▸ **Problem requirements**
Every picture should be left out, but the lines below must be repeated exactly.

▸ **Records drawn from a dataset**
=== Section Start ===
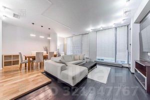Планировкой предусмотрены: гостиная-кухня-столовая, мастер-блок, вторая спальня с собственным с/у, постирочная и гостевой с/у. Из окон квартиры открываются завораживающие виды на Сити, МГУ, гостиницу Украину, Москва-реку.
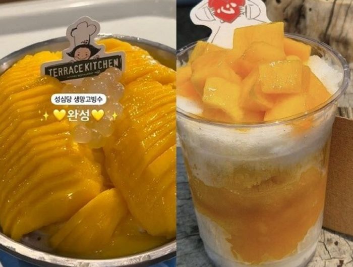 이 빙수는 생망고를 가득 올렸으며, 맛도 좋아 호평을 받고 있다.
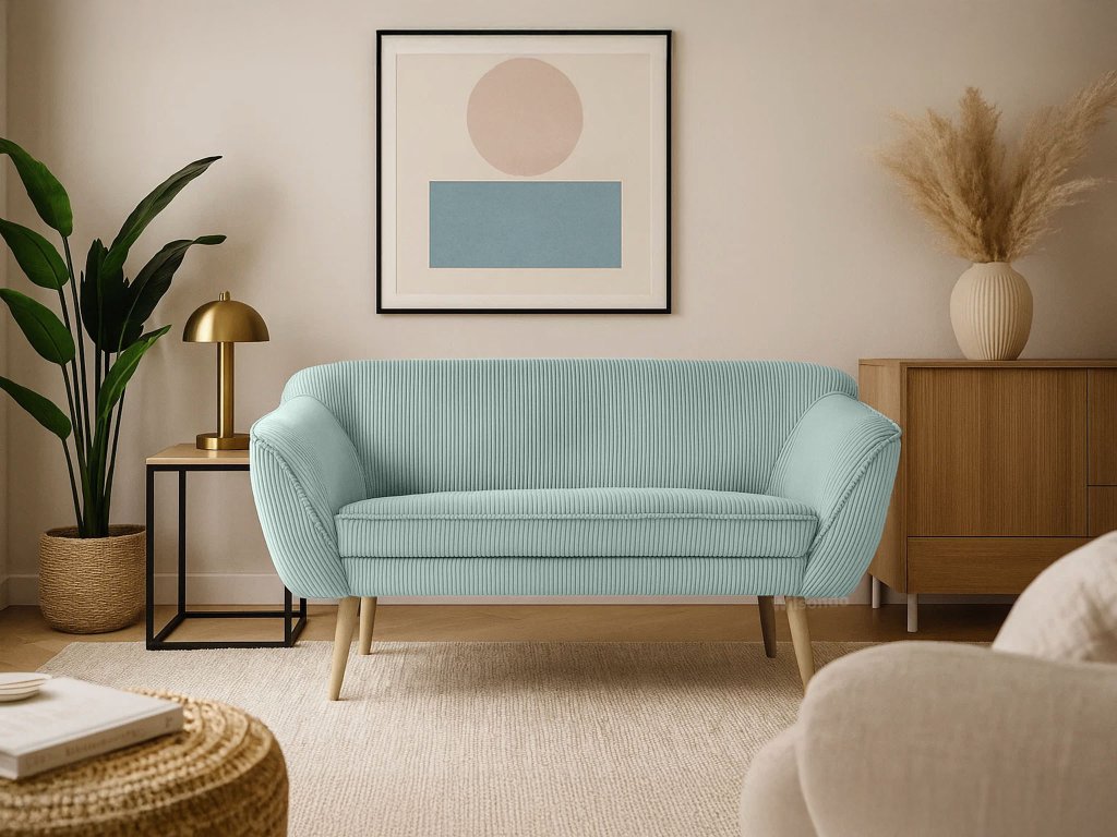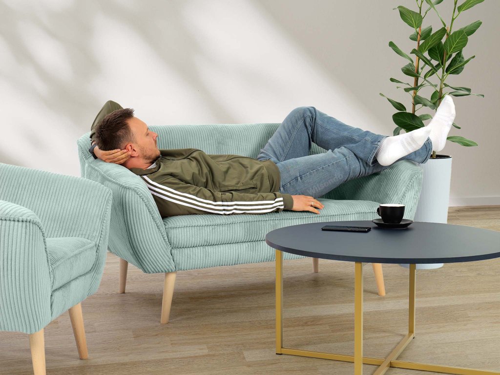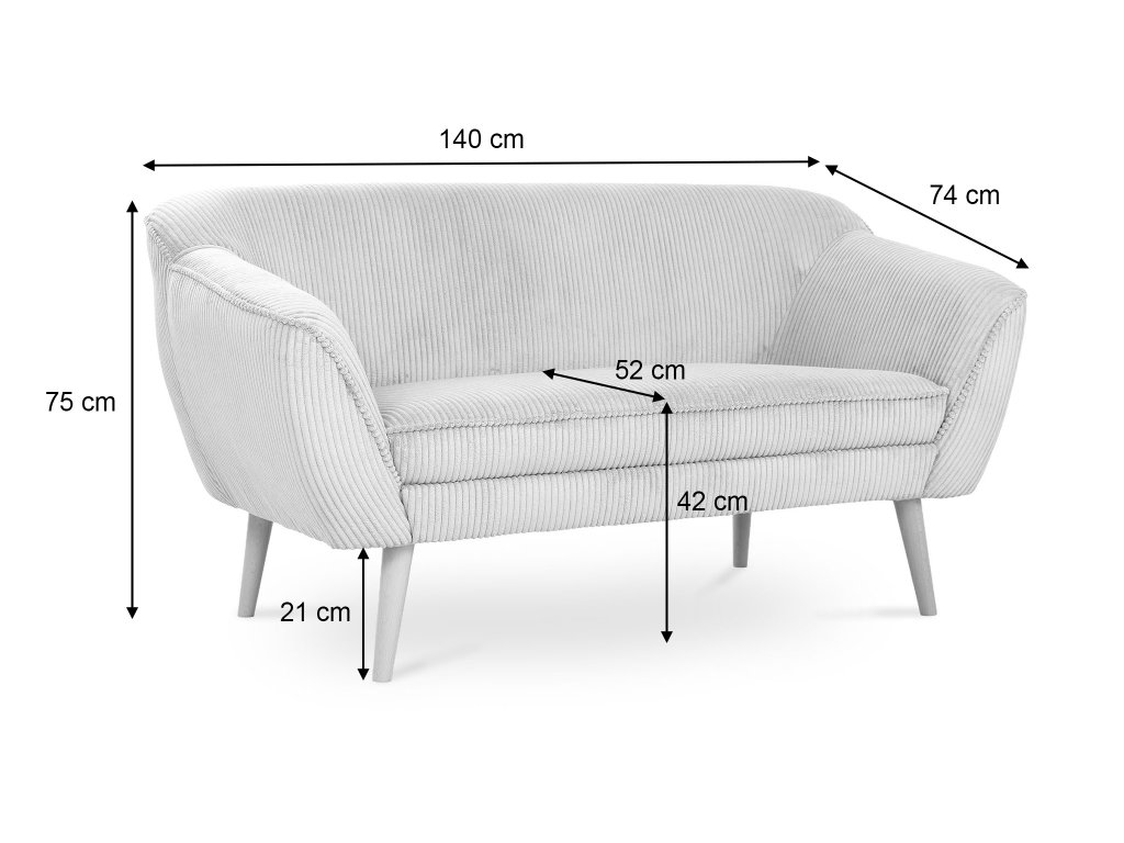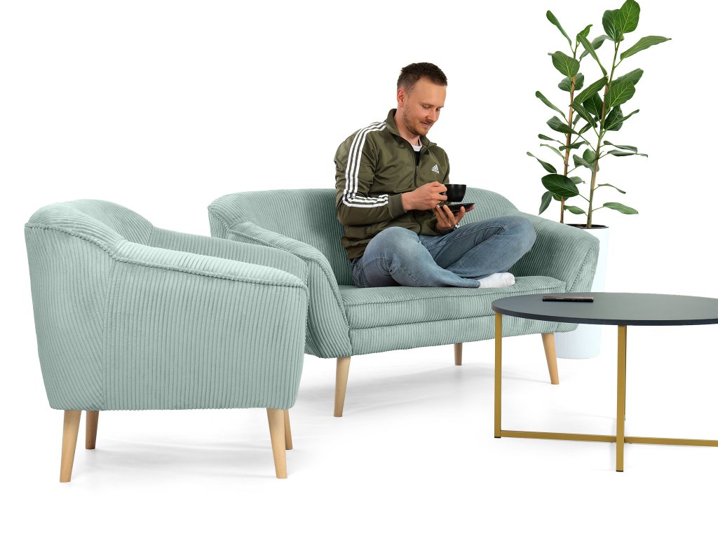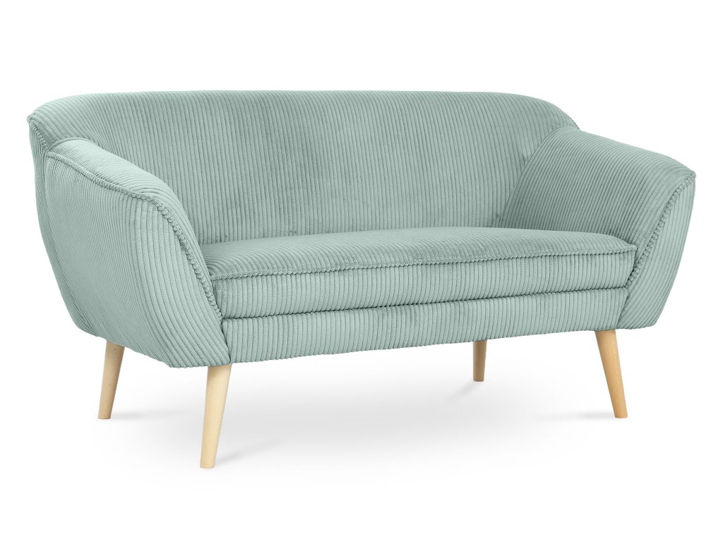 A kétszemélyes mentazöld DORY kárpitozott kanapé a színének hála felragyogtat majd minden szobát. A kanapé háttámlája T25-ös habbal készült, hogy megfelelő támaszt nyújtson pihenés közben, míg az ülőfelülethez T30-as habot használtak fel. Ez az elegáns kanapé tömör fából készült lábakkal rendelkezik natúr színben. Gyönyörű és ellenálló kordbársony Lincoln szövettel kárpitozott, amely érdekes csíkos struktúrával, luxusos kinézettel és puha tapintással rendelkezik. A mentazöld színváltozatnak köszönhetően a kanapé tökéletes választás lehet minden elegáns nappaliba.
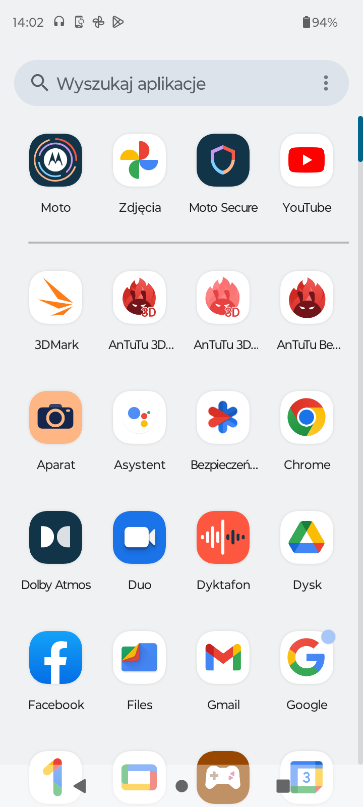 System działa płynnie i tak jak pisałem już wcześniej – dopiero uruchomienie kilku aplikacji w tle i kilkunastu kart w przeglądarce powoduje, że niedobory ilości pamięci RAM mogą być zauważalne. Z aplikacji wgranych przez producenta należy wymienić program „Moto”, w którym skonfigurujemy m.in. wygląd czcionek i ikon oraz dostosujemy sterowanie gestami, a także „Moto Secure”, służący m.in. do zabezpieczenia wybranych folderów, dostępu do ekranu i sieci.
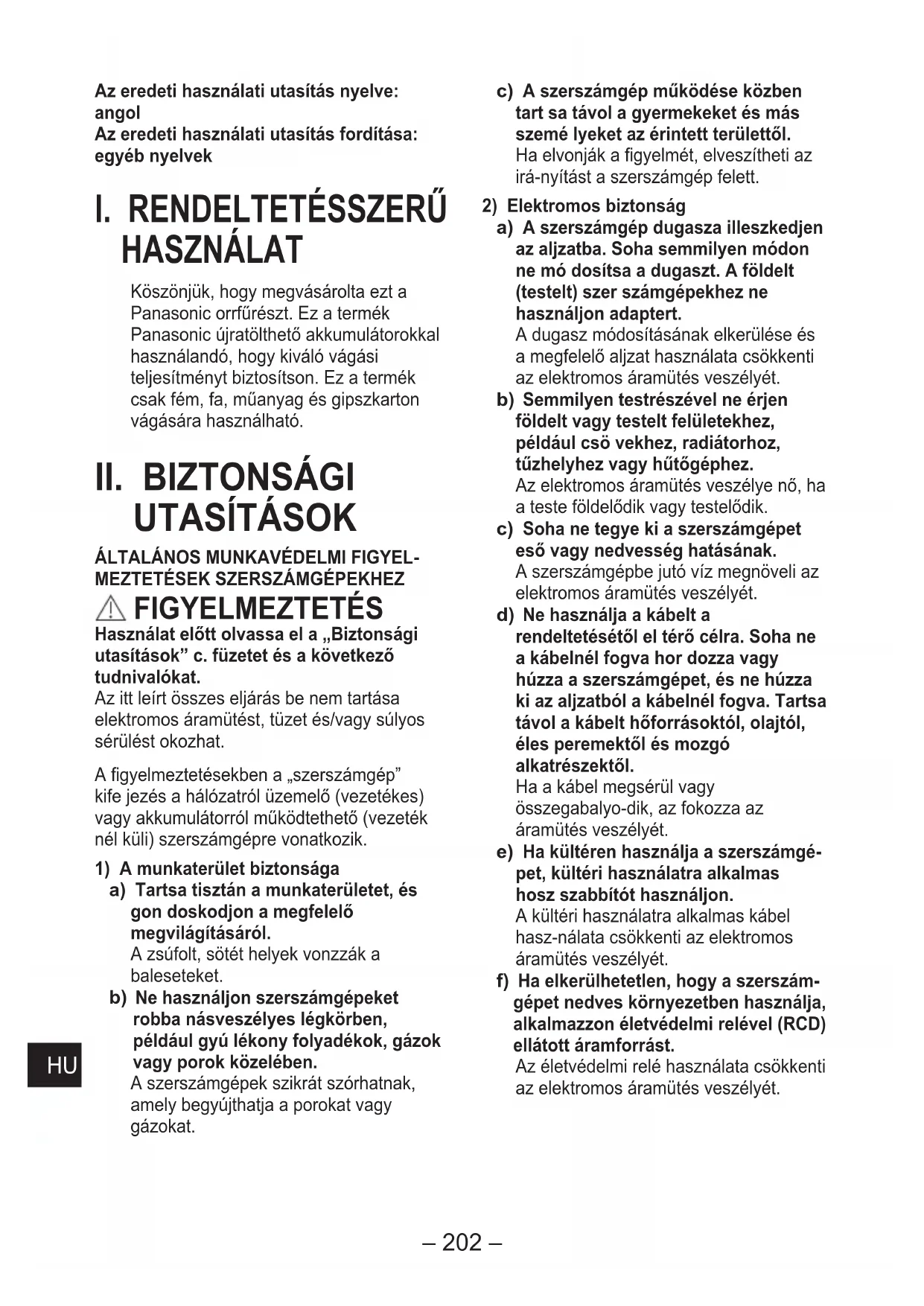 HASZNÁLAT Köszönjük, hogy megvásárolta ezt a Panasonic orrfűrészt. Ez a termék Panasonic újratölthető akkumulátorokkal használandó, hogy kiváló vágási teljesítményt biztosítson. Ez a termék csak fém, fa, műanyag és gipszkarton vágására használható.
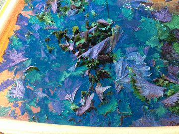色鮮やかな素晴らしいしそです。「しそ餅」は梅干しそで作ります。あいにくの雨模様でも頑張ってます!
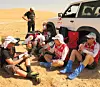 Det norske laget hviler i skyggen av en bil. Herfra blir det buss til teltleir ved kysten. Der må de bestemme seg for om de fortsetter med kajakketappen eller ikke.
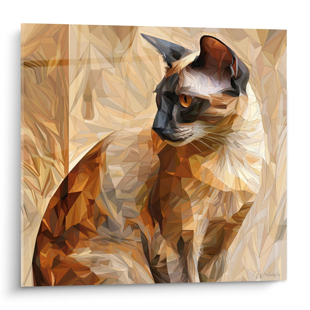 Immagina la superficie liscia sotto le dita, le tonalità calde e profonde che sembrano cambiare a seconda dell'ora del giorno, e la presenza dolce ma sicura dello sguardo del Sokoke. Questo quadro offre un'esperienza visiva quasi tattile: i contorni geometrici disegnano un'eleganza moderna, mentre la palette sottile porta calore e carattere alla stanza.
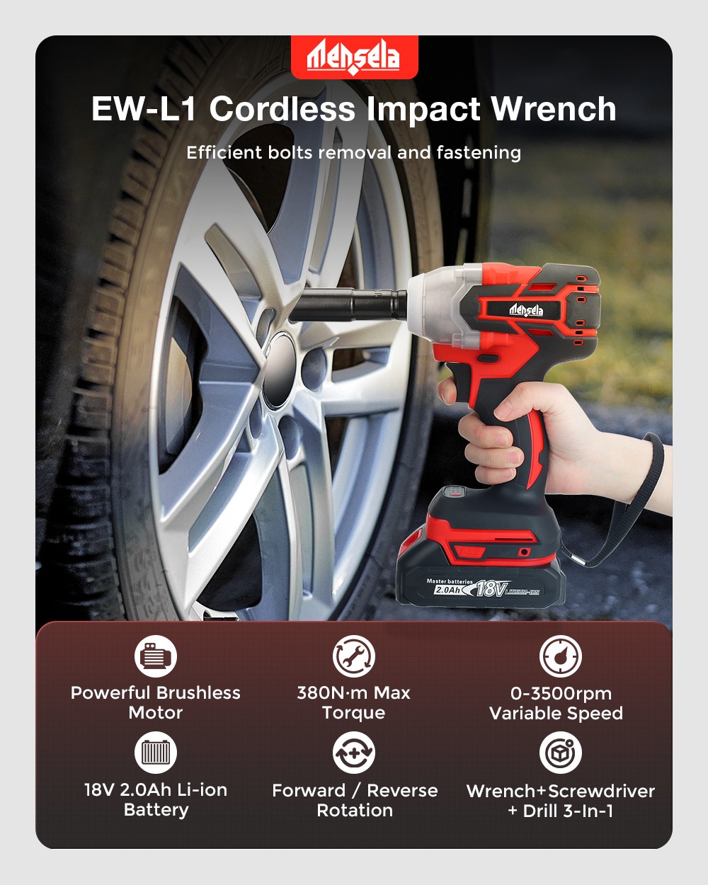 Mensela EW-L1 3台1 18V3500RPM 380N.M无刷冲击扳手1/2"夹头3 速无线充电螺丝刀钻头带无/1/2 2.0AH 电池 LED 工作灯
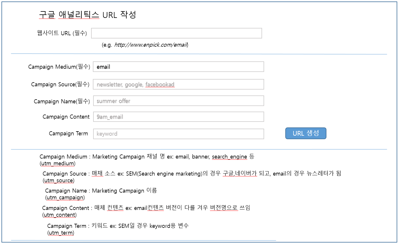 구글 분석의 자세한 목표설정이나 특정 배너나 링크에서 유입된 고객이 어떤 행동을 하고 설정된 목표대로 전환이 이루어지는 분석하기 위해서는 특정 파라미터를 삽입 후 추적해야 한다.
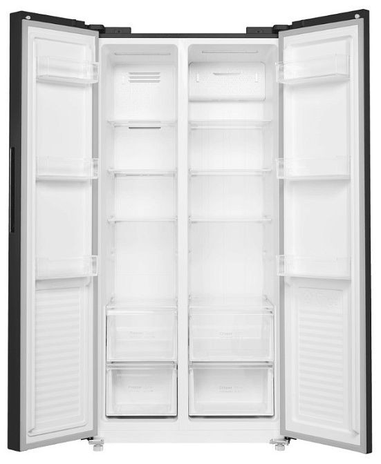 Этот вместительный Side-by-Side в черном исполнении объединяет элегантный стеклянный фронт и надежный металлический корпус со стальными боковинами, создавая современный и цельный образ для кухни. Модель выполнена в формате с морозильной камерой справа или слева, имеет два дверных полотна и полноразмерную цилиндрическую ручку, что обеспечивает удобство доступа при любом варианте расположения. Прямая установка с жестким креплением door on door позволяет монтировать прибор вплотную к стене, а регулируемые ножки дают возможность точной подгонки по уровню, при этом габариты 177x91,2x70,4 см делают аппарат заметным, но гармоничным элементом интерьера.
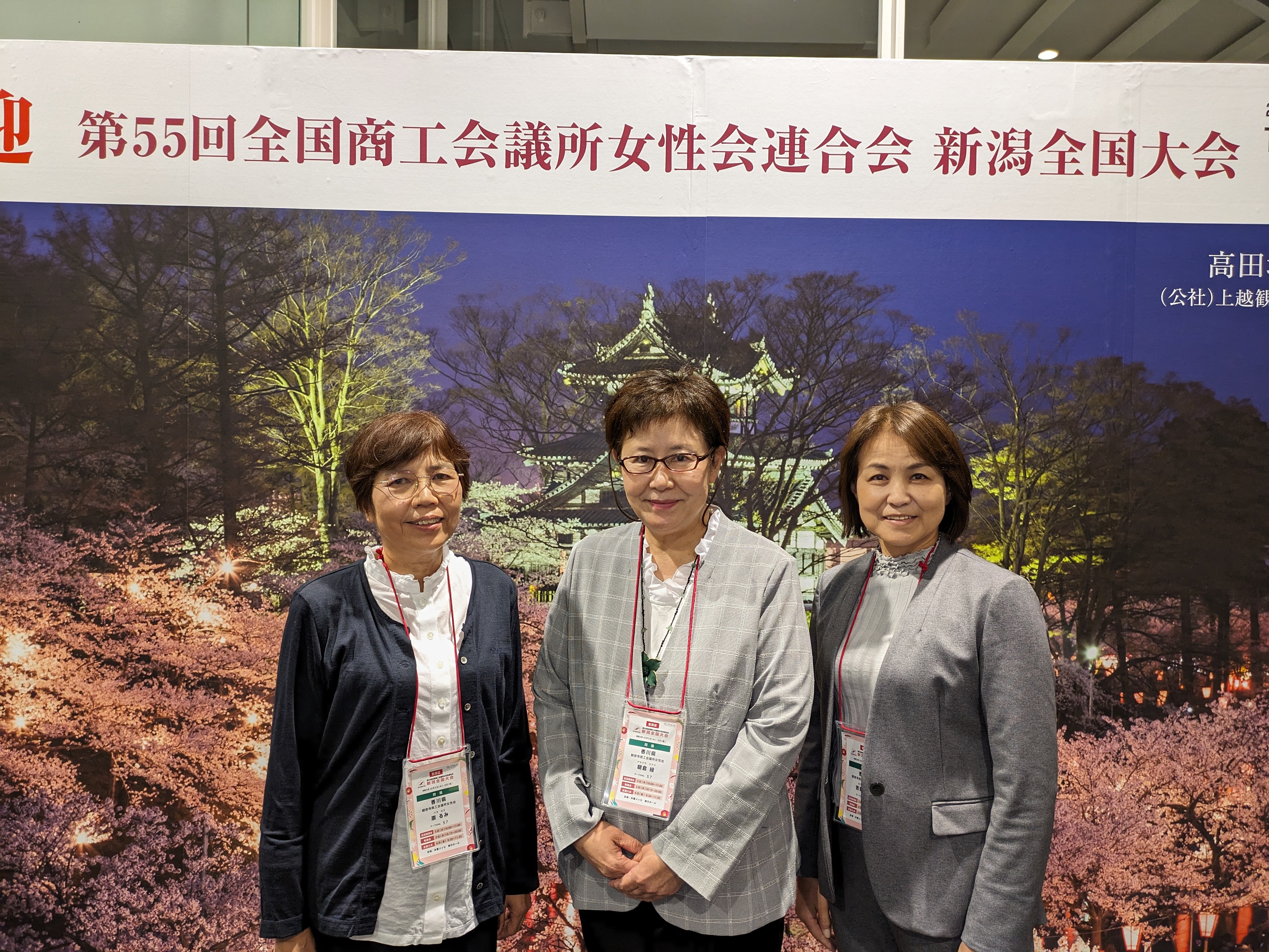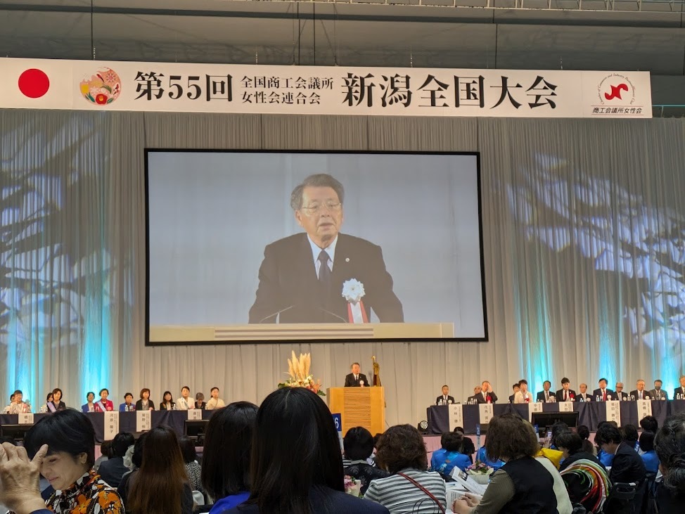 10月5日・6日・7日に3名で新潟全国大会に行ってきました。観音寺駅早朝5時38分発で7時間の長旅に出発しました。昼過ぎに新潟に到着し、ご当地名物「へぎそば」に舌鼓。有形文化財指定の「豪農の館」を見学し、その立派さに感動しながら懇親会会場へ。全国より約2,300名の会員が集結した大会会場は熱気であふれていました。郷土芸能の「万代太鼓」や「古町芸妓」の踊りを鑑賞し、地元の食材で作った「にいがた食の宝石箱」弁当をいただきながら地酒で乾杯。同時開催の物産展もお土産を求める人達であふれ大盛況のようでした。
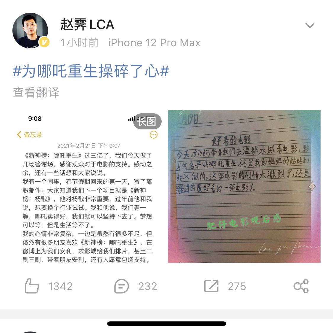 晚间,他也发长文表示,哪吒是整个新封神系列的开启,下一个项目就是《新神榜:杨戬》,“哪吒卖得好,我们就可以坚持下去了。”
=== Section End ===
▸ **Your response**
Планировкой предусмотрены: гостиная-кухня-столовая, мастер-блок, вторая спальня с собственным с/у, постирочная и гостевой с/у. Из окон квартиры открываются завораживающие виды на Сити, МГУ, гостиницу Украину, Москва-реку.
 이 빙수는 생망고를 가득 올렸으며, 맛도 좋아 호평을 받고 있다.
 A kétszemélyes mentazöld DORY kárpitozott kanapé a színének hála felragyogtat majd minden szobát. A kanapé háttámlája T25-ös habbal készült, hogy megfelelő támaszt nyújtson pihenés közben, míg az ülőfelülethez T30-as habot használtak fel. Ez az elegáns kanapé tömör fából készült lábakkal rendelkezik natúr színben. Gyönyörű és ellenálló kordbársony Lincoln szövettel kárpitozott, amely érdekes csíkos struktúrával, luxusos kinézettel és puha tapintással rendelkezik. A mentazöld színváltozatnak köszönhetően a kanapé tökéletes választás lehet minden elegáns nappaliba.
 System działa płynnie i tak jak pisałem już wcześniej – dopiero uruchomienie kilku aplikacji w tle i kilkunastu kart w przeglądarce powoduje, że niedobory ilości pamięci RAM mogą być zauważalne. Z aplikacji wgranych przez producenta należy wymienić program „Moto”, w którym skonfigurujemy m.in. wygląd czcionek i ikon oraz dostosujemy sterowanie gestami, a także „Moto Secure”, służący m.in. do zabezpieczenia wybranych folderów, dostępu do ekranu i sieci.
 HASZNÁLAT Köszönjük, hogy megvásárolta ezt a Panasonic orrfűrészt. Ez a termék Panasonic újratölthető akkumulátorokkal használandó, hogy kiváló vágási teljesítményt biztosítson. Ez a termék csak fém, fa, műanyag és gipszkarton vágására használható.
色鮮やかな素晴らしいしそです。「しそ餅」は梅干しそで作ります。あいにくの雨模様でも頑張ってます!
 Det norske laget hviler i skyggen av en bil. Herfra blir det buss til teltleir ved kysten. Der må de bestemme seg for om de fortsetter med kajakketappen eller ikke.
 Immagina la superficie liscia sotto le dita, le tonalità calde e profonde che sembrano cambiare a seconda dell'ora del giorno, e la presenza dolce ma sicura dello sguardo del Sokoke. Questo quadro offre un'esperienza visiva quasi tattile: i contorni geometrici disegnano un'eleganza moderna, mentre la palette sottile porta calore e carattere alla stanza.
 Mensela EW-L1 3台1 18V3500RPM 380N.M无刷冲击扳手1/2"夹头3 速无线充电螺丝刀钻头带无/1/2 2.0AH 电池 LED 工作灯
 구글 분석의 자세한 목표설정이나 특정 배너나 링크에서 유입된 고객이 어떤 행동을 하고 설정된 목표대로 전환이 이루어지는 분석하기 위해서는 특정 파라미터를 삽입 후 추적해야 한다.
 Этот вместительный Side-by-Side в черном исполнении объединяет элегантный стеклянный фронт и надежный металлический корпус со стальными боковинами, создавая современный и цельный образ для кухни. Модель выполнена в формате с морозильной камерой справа или слева, имеет два дверных полотна и полноразмерную цилиндрическую ручку, что обеспечивает удобство доступа при любом варианте расположения. Прямая установка с жестким креплением door on door позволяет монтировать прибор вплотную к стене, а регулируемые ножки дают возможность точной подгонки по уровню, при этом габариты 177x91,2x70,4 см делают аппарат заметным, но гармоничным элементом интерьера.
 10月5日・6日・7日に3名で新潟全国大会に行ってきました。観音寺駅早朝5時38分発で7時間の長旅に出発しました。昼過ぎに新潟に到着し、ご当地名物「へぎそば」に舌鼓。有形文化財指定の「豪農の館」を見学し、その立派さに感動しながら懇親会会場へ。全国より約2,300名の会員が集結した大会会場は熱気であふれていました。郷土芸能の「万代太鼓」や「古町芸妓」の踊りを鑑賞し、地元の食材で作った「にいがた食の宝石箱」弁当をいただきながら地酒で乾杯。同時開催の物産展もお土産を求める人達であふれ大盛況のようでした。
 晚间,他也发长文表示,哪吒是整个新封神系列的开启,下一个项目就是《新神榜:杨戬》,“哪吒卖得好,我们就可以坚持下去了。”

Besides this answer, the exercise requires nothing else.